# ACTIVITY:
Set down the lines that begin at the top of the records and end with the line containing "の2つです。流れとしては、(1)の等式を", and drop every picture.
%%
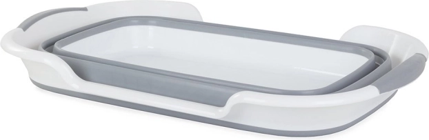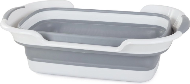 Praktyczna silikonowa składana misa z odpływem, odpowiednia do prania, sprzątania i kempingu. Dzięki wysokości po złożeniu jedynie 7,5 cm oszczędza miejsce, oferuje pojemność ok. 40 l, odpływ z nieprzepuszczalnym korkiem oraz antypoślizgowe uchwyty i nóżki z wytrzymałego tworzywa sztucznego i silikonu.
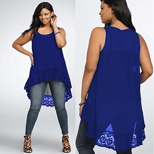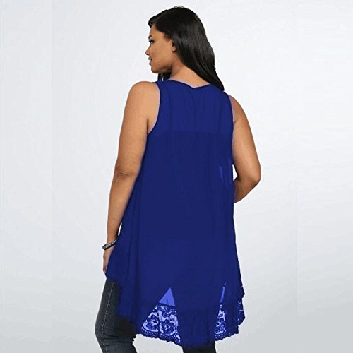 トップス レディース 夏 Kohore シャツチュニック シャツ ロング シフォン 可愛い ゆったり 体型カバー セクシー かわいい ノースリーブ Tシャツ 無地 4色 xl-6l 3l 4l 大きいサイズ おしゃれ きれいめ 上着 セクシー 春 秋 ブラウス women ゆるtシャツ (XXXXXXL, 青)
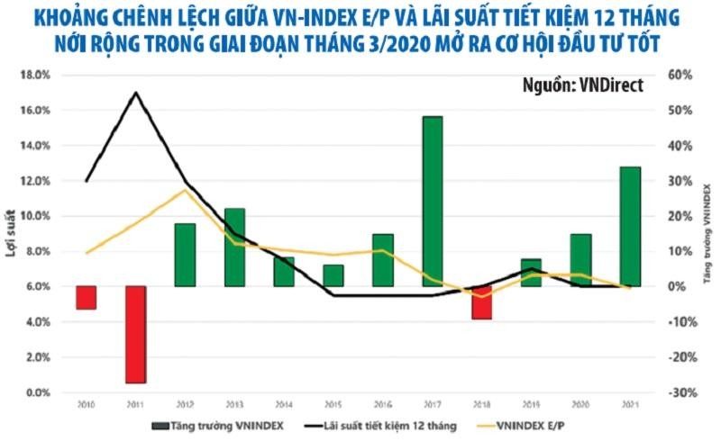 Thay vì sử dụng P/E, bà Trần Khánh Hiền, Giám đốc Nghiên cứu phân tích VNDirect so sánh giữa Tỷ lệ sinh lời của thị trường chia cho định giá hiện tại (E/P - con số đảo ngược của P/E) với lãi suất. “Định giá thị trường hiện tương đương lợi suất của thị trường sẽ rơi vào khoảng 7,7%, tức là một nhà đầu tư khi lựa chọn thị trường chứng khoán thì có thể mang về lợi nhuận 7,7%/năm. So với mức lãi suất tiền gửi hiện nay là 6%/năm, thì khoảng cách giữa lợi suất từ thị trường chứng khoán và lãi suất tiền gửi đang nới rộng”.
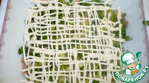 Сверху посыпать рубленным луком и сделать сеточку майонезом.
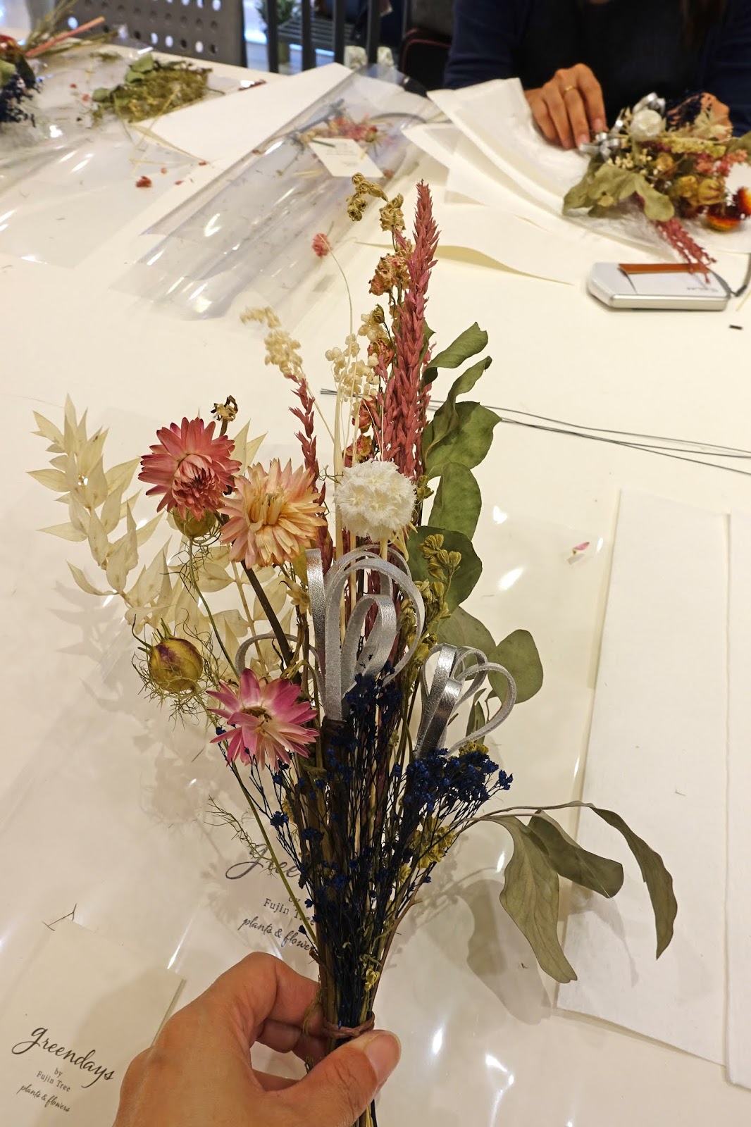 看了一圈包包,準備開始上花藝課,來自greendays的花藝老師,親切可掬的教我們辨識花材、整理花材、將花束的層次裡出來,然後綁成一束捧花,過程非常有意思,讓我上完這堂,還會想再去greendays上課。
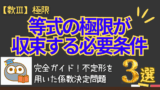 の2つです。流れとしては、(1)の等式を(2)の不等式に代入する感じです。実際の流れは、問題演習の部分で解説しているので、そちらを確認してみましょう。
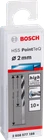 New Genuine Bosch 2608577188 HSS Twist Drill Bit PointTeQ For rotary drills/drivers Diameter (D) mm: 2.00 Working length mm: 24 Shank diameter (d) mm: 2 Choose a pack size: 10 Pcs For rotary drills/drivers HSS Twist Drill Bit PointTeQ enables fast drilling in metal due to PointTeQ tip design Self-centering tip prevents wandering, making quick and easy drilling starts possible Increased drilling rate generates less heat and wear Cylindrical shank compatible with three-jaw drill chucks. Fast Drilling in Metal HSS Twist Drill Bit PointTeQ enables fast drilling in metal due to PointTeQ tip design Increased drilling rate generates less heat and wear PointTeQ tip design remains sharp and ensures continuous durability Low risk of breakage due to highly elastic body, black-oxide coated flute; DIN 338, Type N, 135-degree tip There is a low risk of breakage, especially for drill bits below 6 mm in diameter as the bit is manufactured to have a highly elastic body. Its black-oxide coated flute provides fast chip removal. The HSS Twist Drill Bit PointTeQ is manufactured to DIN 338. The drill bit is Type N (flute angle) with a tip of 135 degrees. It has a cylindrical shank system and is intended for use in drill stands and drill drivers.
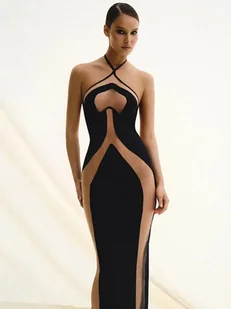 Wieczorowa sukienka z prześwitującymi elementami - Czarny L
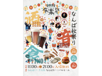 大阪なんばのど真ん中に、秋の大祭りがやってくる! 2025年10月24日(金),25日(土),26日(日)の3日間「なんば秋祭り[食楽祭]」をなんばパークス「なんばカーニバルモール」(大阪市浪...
%%
# YOUR RESPONSE:
 Praktyczna silikonowa składana misa z odpływem, odpowiednia do prania, sprzątania i kempingu. Dzięki wysokości po złożeniu jedynie 7,5 cm oszczędza miejsce, oferuje pojemność ok. 40 l, odpływ z nieprzepuszczalnym korkiem oraz antypoślizgowe uchwyty i nóżki z wytrzymałego tworzywa sztucznego i silikonu.
 トップス レディース 夏 Kohore シャツチュニック シャツ ロング シフォン 可愛い ゆったり 体型カバー セクシー かわいい ノースリーブ Tシャツ 無地 4色 xl-6l 3l 4l 大きいサイズ おしゃれ きれいめ 上着 セクシー 春 秋 ブラウス women ゆるtシャツ (XXXXXXL, 青)
 Thay vì sử dụng P/E, bà Trần Khánh Hiền, Giám đốc Nghiên cứu phân tích VNDirect so sánh giữa Tỷ lệ sinh lời của thị trường chia cho định giá hiện tại (E/P - con số đảo ngược của P/E) với lãi suất. “Định giá thị trường hiện tương đương lợi suất của thị trường sẽ rơi vào khoảng 7,7%, tức là một nhà đầu tư khi lựa chọn thị trường chứng khoán thì có thể mang về lợi nhuận 7,7%/năm. So với mức lãi suất tiền gửi hiện nay là 6%/năm, thì khoảng cách giữa lợi suất từ thị trường chứng khoán và lãi suất tiền gửi đang nới rộng”.
 Сверху посыпать рубленным луком и сделать сеточку майонезом.
 看了一圈包包,準備開始上花藝課,來自greendays的花藝老師,親切可掬的教我們辨識花材、整理花材、將花束的層次裡出來,然後綁成一束捧花,過程非常有意思,讓我上完這堂,還會想再去greendays上課。
 の2つです。流れとしては、(1)の等式を(2)の不等式に代入する感じです。実際の流れは、問題演習の部分で解説しているので、そちらを確認してみましょう。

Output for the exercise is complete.